**TASK BRIEF:**
From the data below, return each line in which the string "chassis" is found.

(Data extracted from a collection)
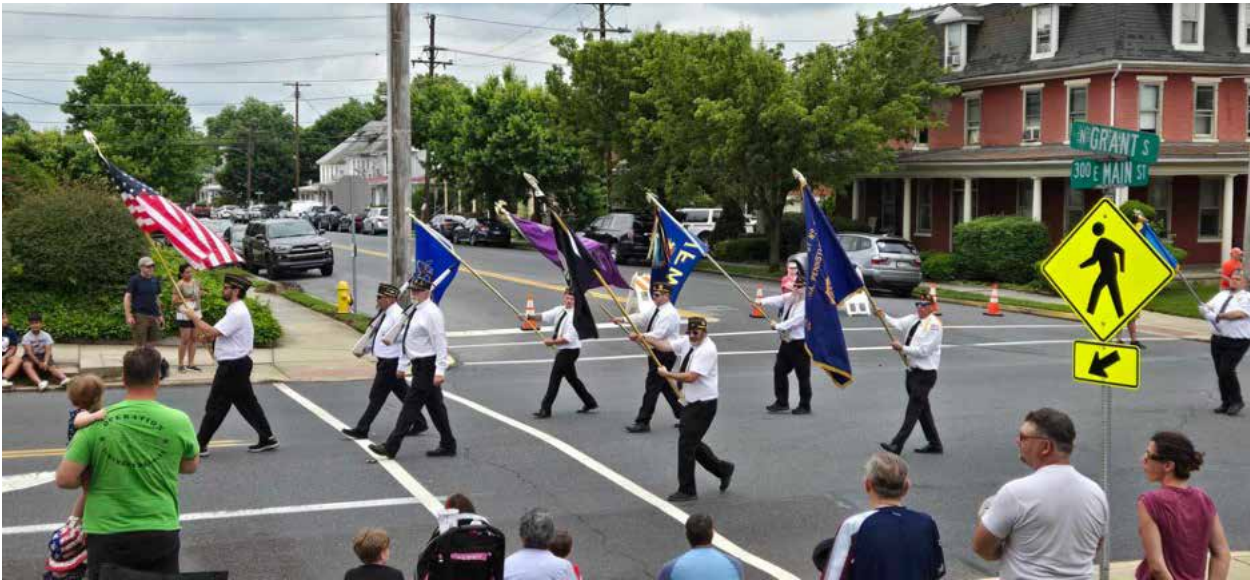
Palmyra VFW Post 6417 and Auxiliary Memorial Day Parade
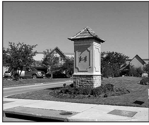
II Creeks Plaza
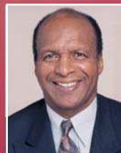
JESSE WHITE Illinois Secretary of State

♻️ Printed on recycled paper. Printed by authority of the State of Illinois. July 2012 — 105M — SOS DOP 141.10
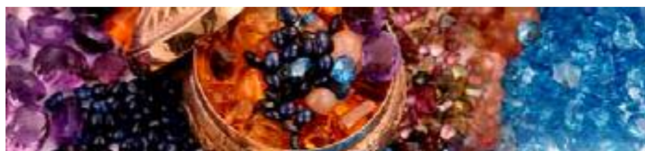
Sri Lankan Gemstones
==
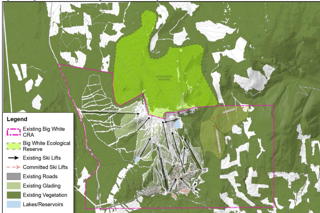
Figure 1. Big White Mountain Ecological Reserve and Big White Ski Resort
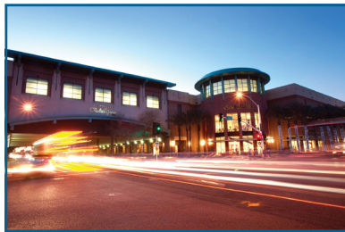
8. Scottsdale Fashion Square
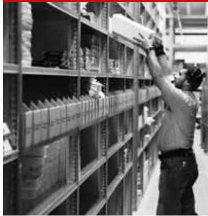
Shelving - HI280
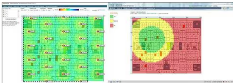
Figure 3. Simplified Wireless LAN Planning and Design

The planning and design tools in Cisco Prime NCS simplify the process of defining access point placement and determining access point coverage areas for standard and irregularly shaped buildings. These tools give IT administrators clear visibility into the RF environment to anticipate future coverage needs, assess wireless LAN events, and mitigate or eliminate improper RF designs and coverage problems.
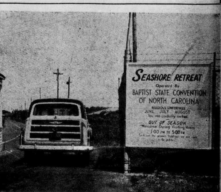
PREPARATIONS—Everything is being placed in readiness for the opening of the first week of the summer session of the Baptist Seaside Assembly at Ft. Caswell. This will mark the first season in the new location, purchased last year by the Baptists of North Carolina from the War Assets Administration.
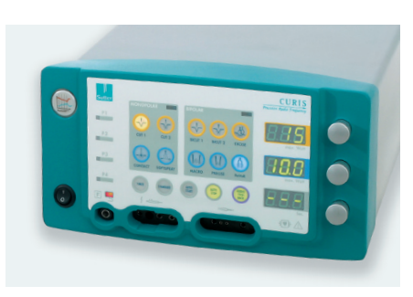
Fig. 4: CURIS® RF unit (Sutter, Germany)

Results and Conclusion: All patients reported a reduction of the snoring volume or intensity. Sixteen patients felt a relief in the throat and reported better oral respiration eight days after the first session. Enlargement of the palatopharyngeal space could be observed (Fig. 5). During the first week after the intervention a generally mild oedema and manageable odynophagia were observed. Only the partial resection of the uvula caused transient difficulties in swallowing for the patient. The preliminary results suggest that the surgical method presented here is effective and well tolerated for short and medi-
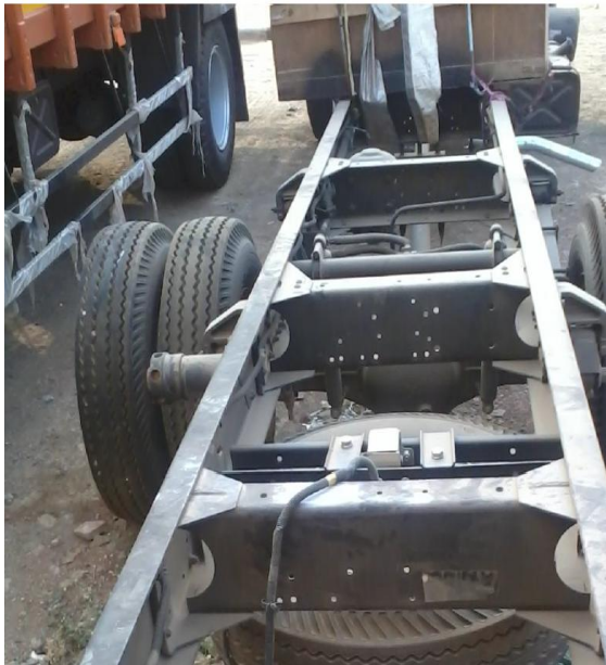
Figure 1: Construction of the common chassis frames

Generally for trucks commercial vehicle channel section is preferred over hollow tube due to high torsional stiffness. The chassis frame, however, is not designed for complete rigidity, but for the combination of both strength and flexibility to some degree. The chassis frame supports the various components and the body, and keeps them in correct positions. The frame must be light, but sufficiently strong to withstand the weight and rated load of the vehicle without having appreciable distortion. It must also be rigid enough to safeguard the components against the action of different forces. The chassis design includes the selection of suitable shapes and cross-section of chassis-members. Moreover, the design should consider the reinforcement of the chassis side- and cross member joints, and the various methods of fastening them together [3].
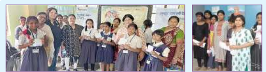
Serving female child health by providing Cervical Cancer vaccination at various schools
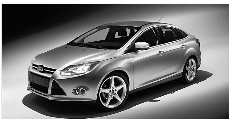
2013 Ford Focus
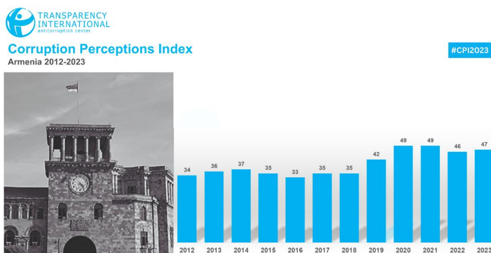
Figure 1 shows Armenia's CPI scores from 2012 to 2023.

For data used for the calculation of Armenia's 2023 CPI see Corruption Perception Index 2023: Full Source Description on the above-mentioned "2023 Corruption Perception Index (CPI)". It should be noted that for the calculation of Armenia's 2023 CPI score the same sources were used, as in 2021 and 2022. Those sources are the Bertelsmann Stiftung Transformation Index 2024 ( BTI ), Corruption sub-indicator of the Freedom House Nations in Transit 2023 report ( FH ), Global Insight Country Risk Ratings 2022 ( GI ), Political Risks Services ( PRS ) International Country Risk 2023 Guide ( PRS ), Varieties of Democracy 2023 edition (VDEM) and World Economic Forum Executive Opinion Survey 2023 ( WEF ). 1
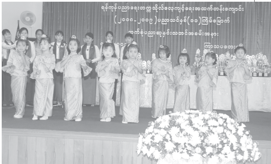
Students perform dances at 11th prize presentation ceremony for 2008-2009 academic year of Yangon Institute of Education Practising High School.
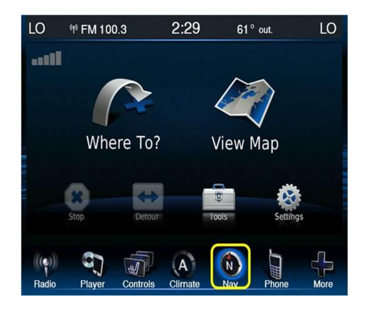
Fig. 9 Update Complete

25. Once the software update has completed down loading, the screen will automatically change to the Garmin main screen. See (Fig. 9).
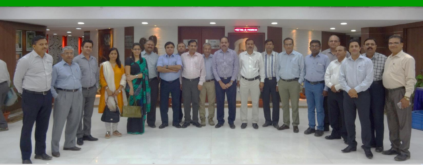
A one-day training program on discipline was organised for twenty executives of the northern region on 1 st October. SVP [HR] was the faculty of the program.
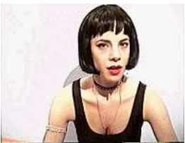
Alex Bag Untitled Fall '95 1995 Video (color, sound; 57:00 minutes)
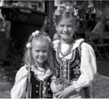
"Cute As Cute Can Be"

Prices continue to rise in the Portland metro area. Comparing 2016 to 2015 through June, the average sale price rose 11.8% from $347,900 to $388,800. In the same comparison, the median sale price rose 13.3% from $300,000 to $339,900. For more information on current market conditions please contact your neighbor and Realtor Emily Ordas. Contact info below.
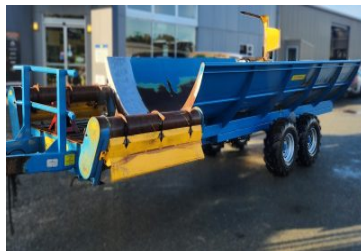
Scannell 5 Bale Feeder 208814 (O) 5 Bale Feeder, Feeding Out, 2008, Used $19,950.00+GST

**OUTPUT OF THE TASK:**
Figure 1: Construction of the common chassis frames
Generally for trucks commercial vehicle channel section is preferred over hollow tube due to high torsional stiffness. The chassis frame, however, is not designed for complete rigidity, but for the combination of both strength and flexibility to some degree. The chassis frame supports the various components and the body, and keeps them in correct positions. The frame must be light, but sufficiently strong to withstand the weight and rated load of the vehicle without having appreciable distortion. It must also be rigid enough to safeguard the components against the action of different forces. The chassis design includes the selection of suitable shapes and cross-section of chassis-members. Moreover, the design should consider the reinforcement of the chassis side- and cross member joints, and the various methods of fastening them together [3].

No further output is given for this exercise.